Task inputs section start

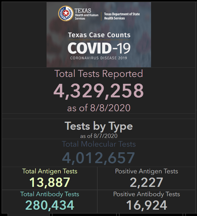 On August 8, DSHS began reporting antigen tests on its Texas Tests and Hospitals dashboard. The August 8 numbers include about 14,000 total antigen tests, with about 2,000 positive results. Based on the Houston Chronicle’s analysis, this is likely a significant undercount—but at least Texas is starting to publish some numbers.
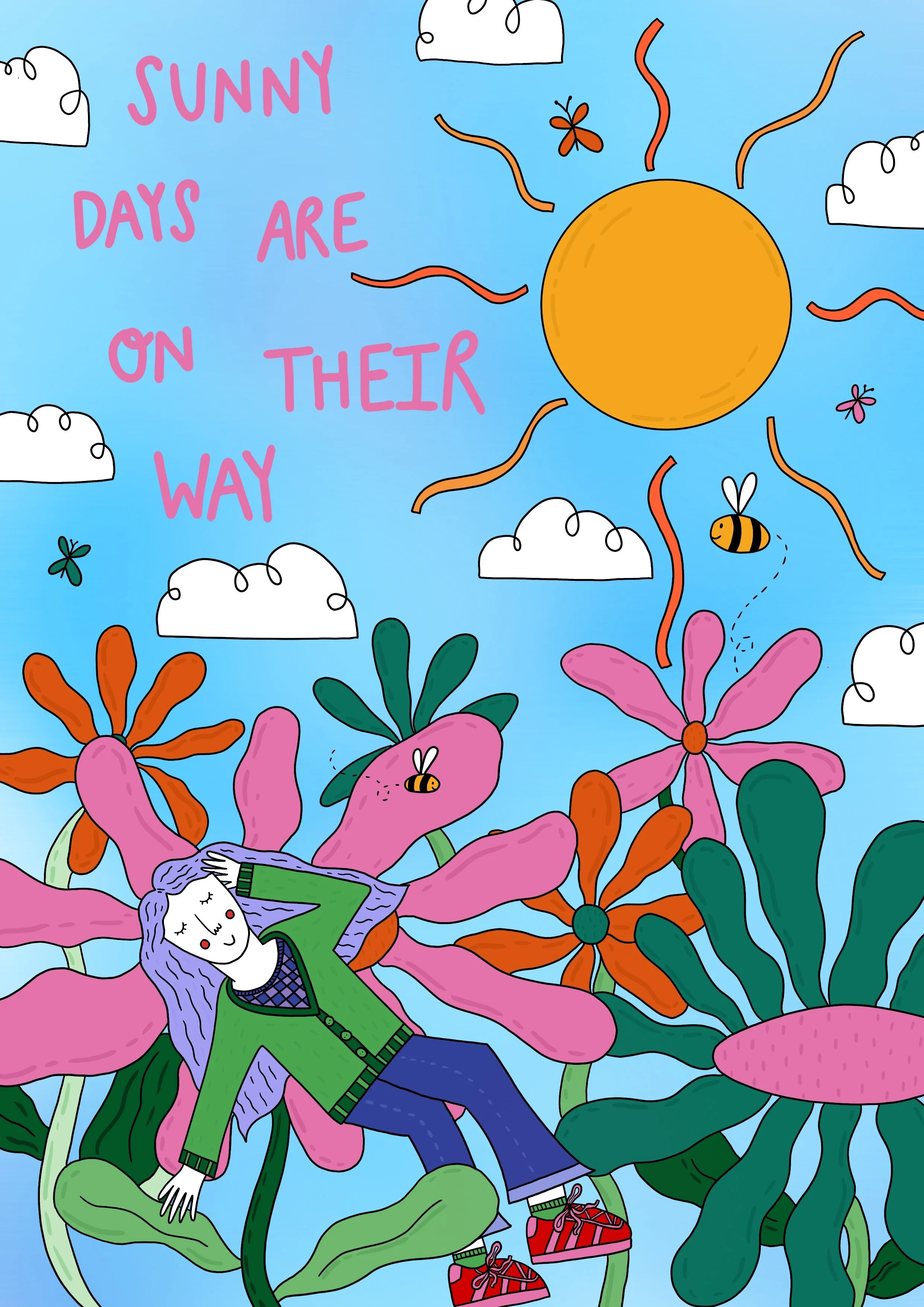 A personal illustration encouraging positivity on cloudy days.
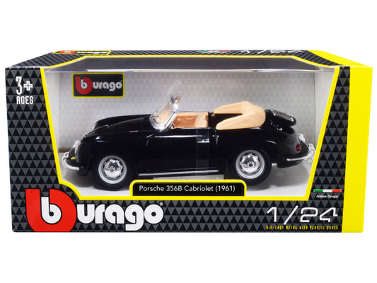 1961 Porsche 356 B Cabriolet Black 1/24 Diecast Model Car by Bburago
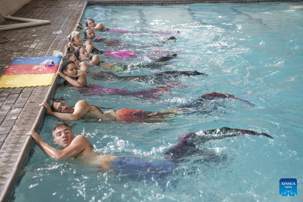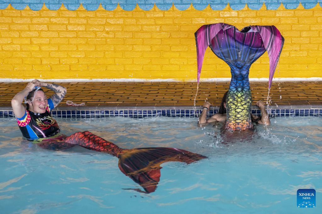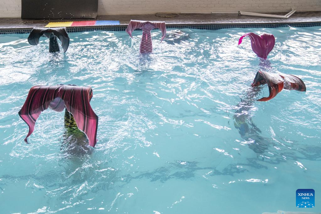 Trainees practise mermaid swimming at the "Merschool" in Johannesburg, South Africa, Aug. 26, 2022. At the "Merschool" in Johannesburg, mermaid swimming courses are increasingly popular among South Africans. Dressed as mermaids and mermen, trainees here are expected to master both artistic swimming techniques and mermaiding mannerisms. (Photo by Shiraaz Mohamed/Xinhua)
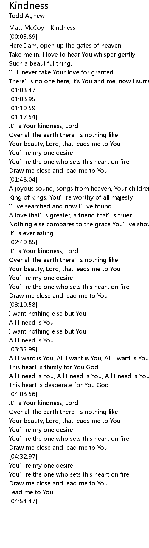 | [04:12.06] | Your beauty, Lord, that leads me to You |
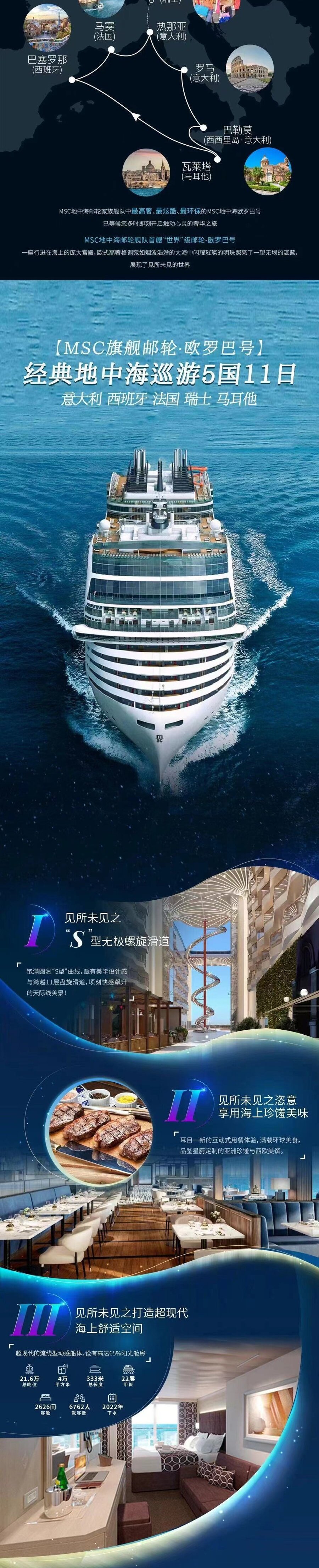 <欧洲地中海邮轮>MSC 邮轮欧罗巴号 经典地中海巡游 5 国 11 日游
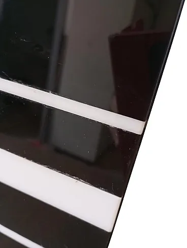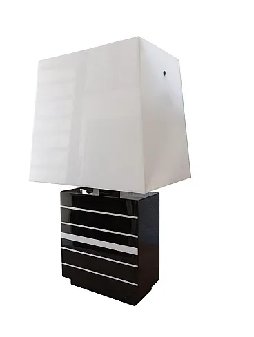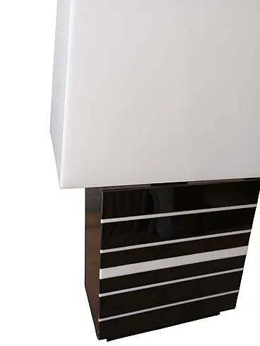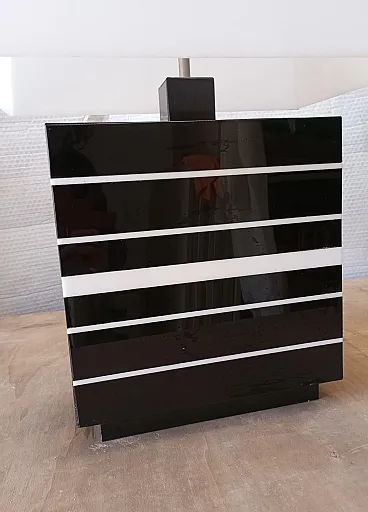 The black lucite base features equidistant horizontal white lines that create a captivating graphic effect. The central line, wider than the others, acts as a dominant visual element, breaking the symmetry and adding dynamism to the design in a graphic play of black and white contrasts.
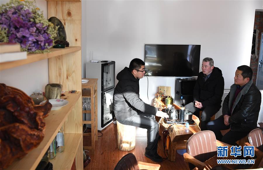 11月24日,在新疆吉木乃縣草原石城景區(qū)附近的吉木乃縣托斯特鄉(xiāng)塔斯特村,鄉(xiāng)黨委書(shū)記王繼江(左)與村民一起討論冬季游客接待事宜。新華社記者沙達(dá)提攝
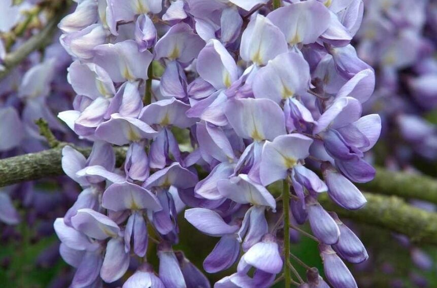 Odmiana wyróżnia się efektownymi, długimi gronami kwiatów w odcieniach lila i niebieskiego fioletu, osiągającymi nawet 40–80 cm długości. Kwiaty są pachnące i tworzą malownicze, romantyczne kaskady, szczególnie widowiskowe na pergolach i altanach. Dekoracyjne, pierzaste liście latem budują gęste zielone tło, a jesienią przebarwiają się na żółto, dodatkowo zwiększając atrakcyjność rośliny.
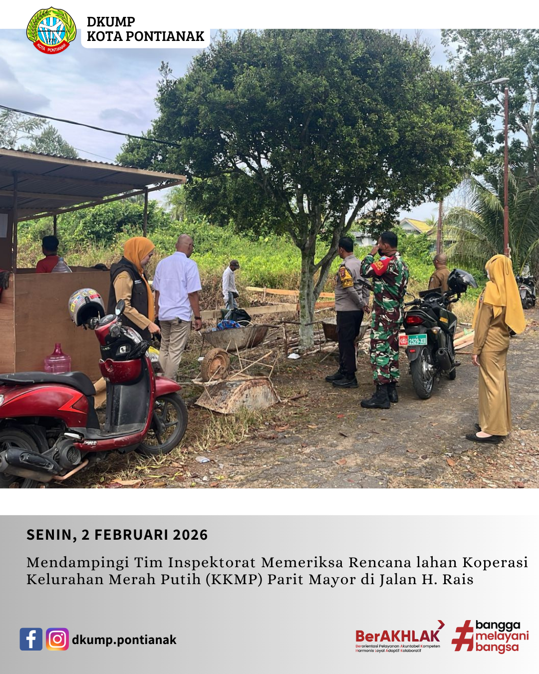 Mendampingi Tim Inspektorat Memeriksa Rencana lahan Koperasi Kelurahan Merah Putih (KKMP) Parit Mayor di Jalan H. Rais.
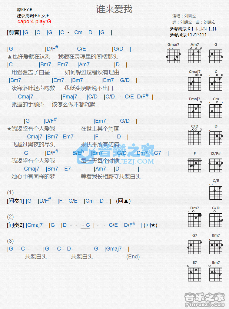 G调版刘耕宏《谁来爱我》吉他和弦弹唱谱...
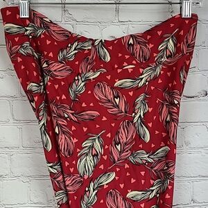 LuLaRoe TC (12-22) Red Feathers Butter Soft Legging Heart Love Plus Size Stretch

Task inputs section end

**Exercise brief**
Since the pictures are not wanted, write out the rest of the data exactly as it reads.

**Solved problem**
 On August 8, DSHS began reporting antigen tests on its Texas Tests and Hospitals dashboard. The August 8 numbers include about 14,000 total antigen tests, with about 2,000 positive results. Based on the Houston Chronicle’s analysis, this is likely a significant undercount—but at least Texas is starting to publish some numbers.
 A personal illustration encouraging positivity on cloudy days.
 1961 Porsche 356 B Cabriolet Black 1/24 Diecast Model Car by Bburago
 Trainees practise mermaid swimming at the "Merschool" in Johannesburg, South Africa, Aug. 26, 2022. At the "Merschool" in Johannesburg, mermaid swimming courses are increasingly popular among South Africans. Dressed as mermaids and mermen, trainees here are expected to master both artistic swimming techniques and mermaiding mannerisms. (Photo by Shiraaz Mohamed/Xinhua)
 | [04:12.06] | Your beauty, Lord, that leads me to You |
 <欧洲地中海邮轮>MSC 邮轮欧罗巴号 经典地中海巡游 5 国 11 日游
 The black lucite base features equidistant horizontal white lines that create a captivating graphic effect. The central line, wider than the others, acts as a dominant visual element, breaking the symmetry and adding dynamism to the design in a graphic play of black and white contrasts.
 11月24日,在新疆吉木乃縣草原石城景區(qū)附近的吉木乃縣托斯特鄉(xiāng)塔斯特村,鄉(xiāng)黨委書(shū)記王繼江(左)與村民一起討論冬季游客接待事宜。新華社記者沙達(dá)提攝
 Odmiana wyróżnia się efektownymi, długimi gronami kwiatów w odcieniach lila i niebieskiego fioletu, osiągającymi nawet 40–80 cm długości. Kwiaty są pachnące i tworzą malownicze, romantyczne kaskady, szczególnie widowiskowe na pergolach i altanach. Dekoracyjne, pierzaste liście latem budują gęste zielone tło, a jesienią przebarwiają się na żółto, dodatkowo zwiększając atrakcyjność rośliny.
 Mendampingi Tim Inspektorat Memeriksa Rencana lahan Koperasi Kelurahan Merah Putih (KKMP) Parit Mayor di Jalan H. Rais.
 G调版刘耕宏《谁来爱我》吉他和弦弹唱谱...
 LuLaRoe TC (12-22) Red Feathers Butter Soft Legging Heart Love Plus Size Stretch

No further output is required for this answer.